Introducing the OpenAI Safety Bug Bounty program
OpenAI formalized something this week that security researchers have been doing informally for two years: treating AI-specific vulnerabilities as a legitimate, fundable discipline. The company launched a Safety Bug Bounty on Tuesday, a companion to its existing Security Bug Bounty program, specifically targeting AI abuse scenarios that fall outside traditional security vulnerability categories.
The hook is the Model Context Protocol. MCP, the protocol that lets AI assistants hook into external tools and data sources, is now explicitly in scope — and OpenAI set a concrete bar for submissions: the behavior must be reproducible at least 50 percent of the time. That is a higher bar than it sounds. Prompt injection is not a buffer overflow. It is a class of probabilistic manipulation, and getting an attack to fire more often than not against a defended target is genuinely hard.

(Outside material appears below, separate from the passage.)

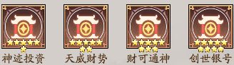 资产管理、融资古王、远古商团、神迹投资、天威财势、财可通神和创世银号都是增加钱庄赚速的资质。这里的星级倍数是40倍,创世银号是9星资质,如果派遣钱庄的话会额外提升200倍的赚速,财可通神是8星派遣钱庄也会增加80倍的赚钱,天威财势是7星资质,委派钱庄也会增加30倍的赚钱,神迹投资是6星资质委派钱庄的话也会增加10倍的赚钱,远古商图是5星资质,委派钱庄的话会额外增加2倍的赚钱。一共就是362倍的钱庄赚速,委派钱庄是最多赚钱倍数的还是委派钱庄比较好。

The real-world context makes this concrete. At RSAC 2026 last week, Michael Bargury, CTO of security firm Zenity, demonstrated zero-click prompt injection attacks against Microsoft Copilot, Google Gemini, Salesforce Agentforce, and ChatGPT. He was not showing theory. He was showing practice. "AI is just gullible," Bargury told The Register. "We are trying to shift the mindset from prompt injection because it is a very technical term and convince people that this is actually just persuasion." The framing is deliberate: the attack surface is not a software bug, it is a conversation. Bargury has covered Cursor and custom agent platforms in separate Zenity research demonstrations, but those were not part of the RSAC demo itself.
Academic research released this month on the arXiv preprint server quantified the unevenness across the MCP ecosystem. Researchers evaluated seven MCP clients and found significant security disparities. Claude Desktop, Anthropic's client, implements strong guardrails against cross-tool poisoning and unauthorized tool invocation. Cursor, the AI coding assistant, shows high susceptibility to both. The variance is not minor — it reflects the difference between a team that built with adversarial tool invocation in mind and one that did not.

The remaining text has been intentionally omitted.